* What you have to do *
Only the pictures are to be omitted; everything else in the listing must be reproduced exactly.

* Data section *
++++

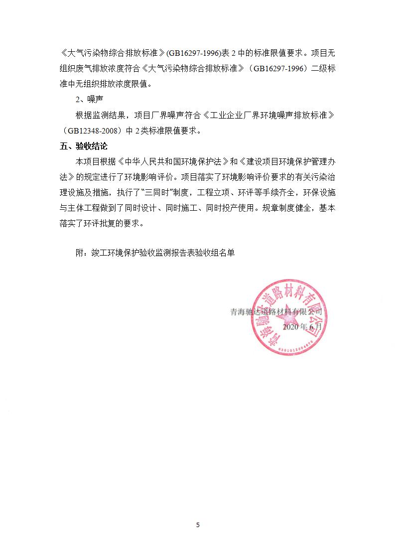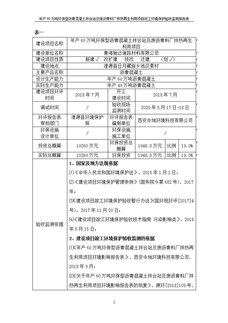 根據(jù)中華人民共和國(guó)國(guó)務(wù)院令第682號(hào)《國(guó)務(wù)院關(guān)于修改〈建設(shè)項(xiàng)目環(huán)境保護(hù)管理?xiàng)l例〉的決定》和《建設(shè)項(xiàng)目竣工環(huán)境保護(hù)驗(yàn)收暫行辦法》(國(guó)務(wù)院令682號(hào)),青海馳達(dá)道路材料有限公司年產(chǎn)60萬(wàn)噸環(huán)保型瀝青混凝土拌合站及廢瀝青料廠拌熱再生利用項(xiàng)目竣工環(huán)境保護(hù)驗(yàn)收監(jiān)測(cè)報(bào)告表公示如下。 一、項(xiàng)目名稱:年產(chǎn)60萬(wàn)噸環(huán)保型瀝青混凝土拌合站及廢瀝青料廠拌熱再生利用項(xiàng)目竣工環(huán)境保護(hù)驗(yàn)收監(jiān)測(cè)報(bào)告表 二、地點(diǎn):湟源縣日月藏族鄉(xiāng)池漢素村 三、建設(shè)單位:青海馳達(dá)道路材料有限公司 四、建設(shè)內(nèi)容:本項(xiàng)目共有2條瀝青砼生產(chǎn)線及1條穩(wěn)定土生產(chǎn)線,配套辦公樓等。 五、聯(lián)系人:楊工 六、聯(lián)系電 話:0971-6515411 七、公示時(shí)間:二〇二〇年七月六日至二〇二〇年七月三十一日 公示期間,對(duì)上述公示內(nèi)容如有異議,請(qǐng)以書(shū)面形式反饋,個(gè)人須署真實(shí)姓名,單位須加蓋公章。
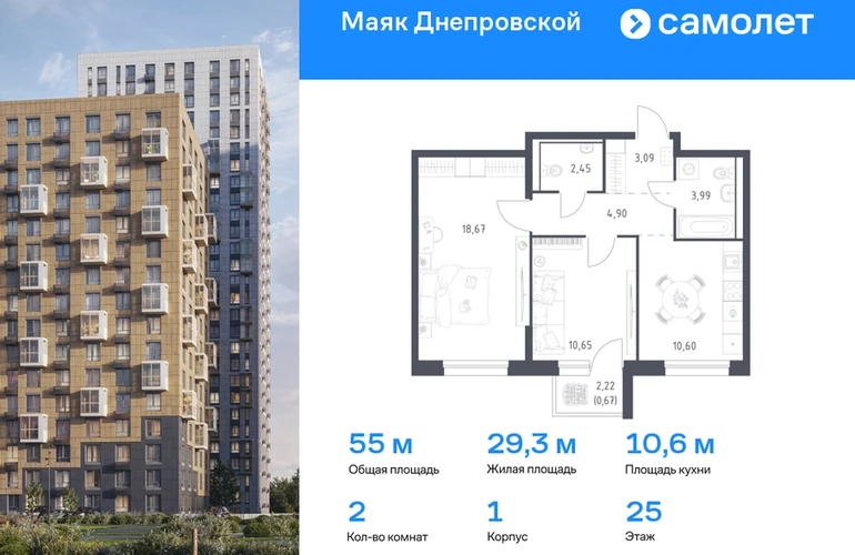 Строим кварталы для жизни с заботой о будущем. Предлагается 2-комнатная квартира комфорт-класса 55,03 кв.м в корпусе 1 на 25 этаже, в ЖК «Маяк Днепровской» Квартира без отделки. Доступность опции «отделка» и возможность комплектации мебелью и декором уточняйте у застройщика. Приобрести квартиру возможно по специальным акциям от застройщика, с текущими условиями акций можно ознакомиться в блоке «Акций». Цена динамическая и может отличаться, уточняйте актуальность у застройщика. «Маяк Днепровской» — это маленький город с домами высотой от 17 до 30 этажей. Мы строим современные здания со стилобатами и террасами, которые отвечают архитектурным трендам, но при этом гармонично вписываются в окружающие пейзажи. Переменная этажность домов повторяет уникальный дальневосточный ландшафт, а оттенки фасадов перекликаются с красками природы. Здесь вы будете любоваться живописными закатами и встречать рассветы с панорамного балкона. #yan19-2r1773990#О застройщике
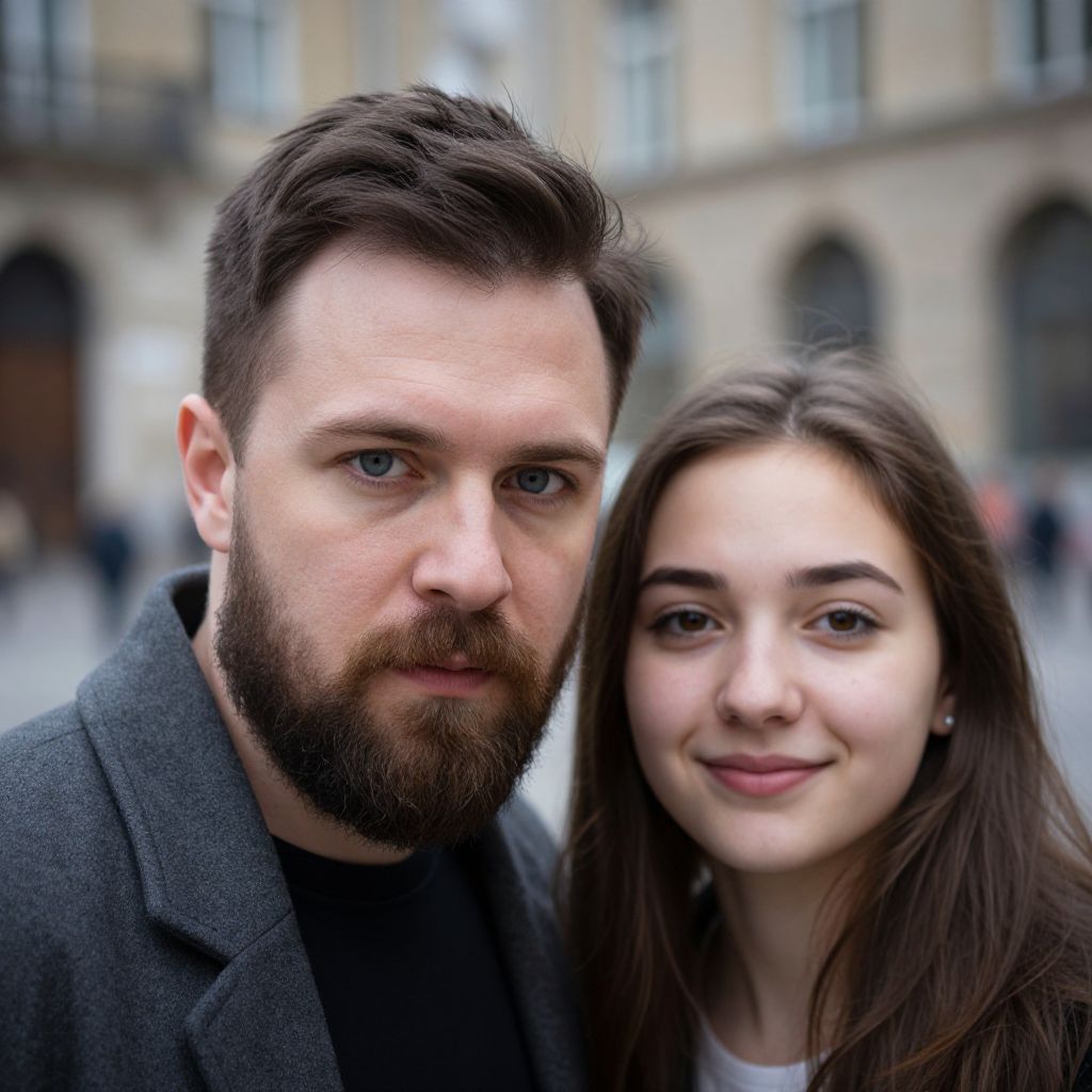 Photograph of a bearded man with dark brown hair and intense blue eyes in the foreground, wearing a gray jacket. He's slightly to the left, with a smiling young woman with long brown hair and light skin to his right. The background is a blurred urban setting with stone buildings. The image has a slight vignette effect, focusing on the subjects' faces.
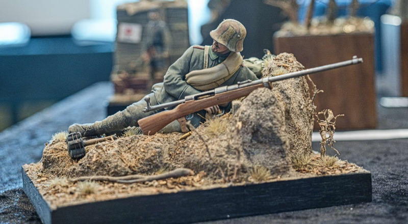 Zur Ausstellung 2023Es wurden hervorragende Modelle jedes Genres ausgestellt. Hier einige Beispiele. Los geht es mit Dioramen, Figuren und Flugzeugen. Dioramen

++++

* Exercise response *
 根據(jù)中華人民共和國(guó)國(guó)務(wù)院令第682號(hào)《國(guó)務(wù)院關(guān)于修改〈建設(shè)項(xiàng)目環(huán)境保護(hù)管理?xiàng)l例〉的決定》和《建設(shè)項(xiàng)目竣工環(huán)境保護(hù)驗(yàn)收暫行辦法》(國(guó)務(wù)院令682號(hào)),青海馳達(dá)道路材料有限公司年產(chǎn)60萬(wàn)噸環(huán)保型瀝青混凝土拌合站及廢瀝青料廠拌熱再生利用項(xiàng)目竣工環(huán)境保護(hù)驗(yàn)收監(jiān)測(cè)報(bào)告表公示如下。 一、項(xiàng)目名稱:年產(chǎn)60萬(wàn)噸環(huán)保型瀝青混凝土拌合站及廢瀝青料廠拌熱再生利用項(xiàng)目竣工環(huán)境保護(hù)驗(yàn)收監(jiān)測(cè)報(bào)告表 二、地點(diǎn):湟源縣日月藏族鄉(xiāng)池漢素村 三、建設(shè)單位:青海馳達(dá)道路材料有限公司 四、建設(shè)內(nèi)容:本項(xiàng)目共有2條瀝青砼生產(chǎn)線及1條穩(wěn)定土生產(chǎn)線,配套辦公樓等。 五、聯(lián)系人:楊工 六、聯(lián)系電 話:0971-6515411 七、公示時(shí)間:二〇二〇年七月六日至二〇二〇年七月三十一日 公示期間,對(duì)上述公示內(nèi)容如有異議,請(qǐng)以書(shū)面形式反饋,個(gè)人須署真實(shí)姓名,單位須加蓋公章。
 Строим кварталы для жизни с заботой о будущем. Предлагается 2-комнатная квартира комфорт-класса 55,03 кв.м в корпусе 1 на 25 этаже, в ЖК «Маяк Днепровской» Квартира без отделки. Доступность опции «отделка» и возможность комплектации мебелью и декором уточняйте у застройщика. Приобрести квартиру возможно по специальным акциям от застройщика, с текущими условиями акций можно ознакомиться в блоке «Акций». Цена динамическая и может отличаться, уточняйте актуальность у застройщика. «Маяк Днепровской» — это маленький город с домами высотой от 17 до 30 этажей. Мы строим современные здания со стилобатами и террасами, которые отвечают архитектурным трендам, но при этом гармонично вписываются в окружающие пейзажи. Переменная этажность домов повторяет уникальный дальневосточный ландшафт, а оттенки фасадов перекликаются с красками природы. Здесь вы будете любоваться живописными закатами и встречать рассветы с панорамного балкона. #yan19-2r1773990#О застройщике
 Photograph of a bearded man with dark brown hair and intense blue eyes in the foreground, wearing a gray jacket. He's slightly to the left, with a smiling young woman with long brown hair and light skin to his right. The background is a blurred urban setting with stone buildings. The image has a slight vignette effect, focusing on the subjects' faces.
 Zur Ausstellung 2023Es wurden hervorragende Modelle jedes Genres ausgestellt. Hier einige Beispiele. Los geht es mit Dioramen, Figuren und Flugzeugen. Dioramen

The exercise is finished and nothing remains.